What to do with an employee that wants a raise but you can't give it to them

Updated: May 30

Knowing that you can't give a raise makes things very hard for you in your particular situation. It is unlikely that things will go well if you simply say "no" you can’t be promoted and end the discussion there. The same is true if you tell them something could happen in a few months but know it won't.

2 men meeting


Instead, you need to shift the focus of the conversation to what is really bothering them because there is a good chance that this is not just about money. That can then be fixed, which will have a greater impact than money alone would. This indicates that there may be additional issues with your team member that need to be addressed. And it's possible that something was partially or unintentionally your fault. Asking them about their problem is the best way to find a solution to it. Use your one-on-one time with them if you don't have time to do that right when they ask for a raise. They are the ideal time to openly discuss the factors that lead them to believe they are underpaid. What is currently your least favorite aspect of your job?

What one thing could we do to improve our team's efficiency?

Do you feel like you are working too much, too little, or just right?

Do you wish you could alter any aspects of our culture?

Is there anything you need my assistance with?

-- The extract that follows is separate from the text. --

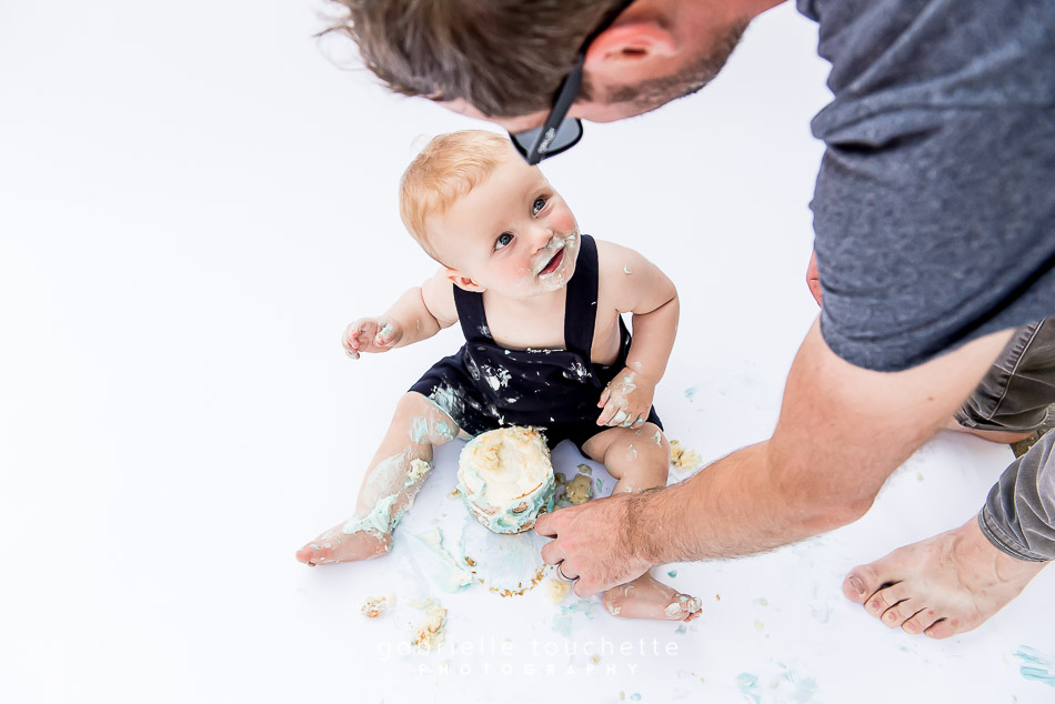 Micah turned one! To mark this exciting milestone, his parents invited me to their home to take some lifestyle family portraits as well as to take photos of a cake smash in their backyard. We used my white paper backdrop, set up the cake and Micah did the rest. 🙂 We finished with a bubble bath and he was so happy the entire time! Happy birthday Micah! You are so cute!

Then, really listen to them and ask them additional questions in response to the questions you asked earlier. Rephrasing their message in your own words to confirm that you have comprehended it by repeating it in their exact words, processing it in similar words, and so on

The final level requires you to express your team members' messages in their own words and have them agree. Clarity is the goal with this strategy. Not only do you get the chance to ask them questions and delve deeper into a subject, but you also confirm their most important ideas.

In the long run, having skills in active listening can save you a lot of trouble. You don't have to wait days or weeks to find out if you received their message; instead, you can confirm that you did in that very moment. Regardless of the quality of their work, you sometimes have to deal with the fact that you are unable to increase their financial compensation. This may be due to budget constraints or the way raises are handled at your company.


What you could do is give them every opportunity for career advancement. There are numerous cost-effective methods for staff expansion:

1. Acquaint them with a mentor further along in a comparable job.

2. Get them a book or course to become familiar with another expertise that applies to their present place of employment .

3. Enable them to take on an undertaking to fix an issue essential to them, and others.

When they are requesting a raise but you are unable to provide one, the last option is especially useful. In addition to giving them a chance for growth, you're also assisting them in resolving the underlying issues that have them frustrated. New responsibilities can have some very important advantages for both you and them, especially in this situation:you can get assistance with tasks for which you didn't have the resources before.

When the time is right, you can make a stronger case for giving your team member a raise because they are now even more valuable to you and the company. They are focused on the new challenge instead of constantly thinking about the raise. Even if they leave, they will have a new, useful bullet point for their resume or interview talking point.

Only your own imagination and willingness to experiment with new concepts will determine whether or not you are able to expand your workforce and refresh their roles. Use engaging projects to assist someone who asks for a raise in the short and long term.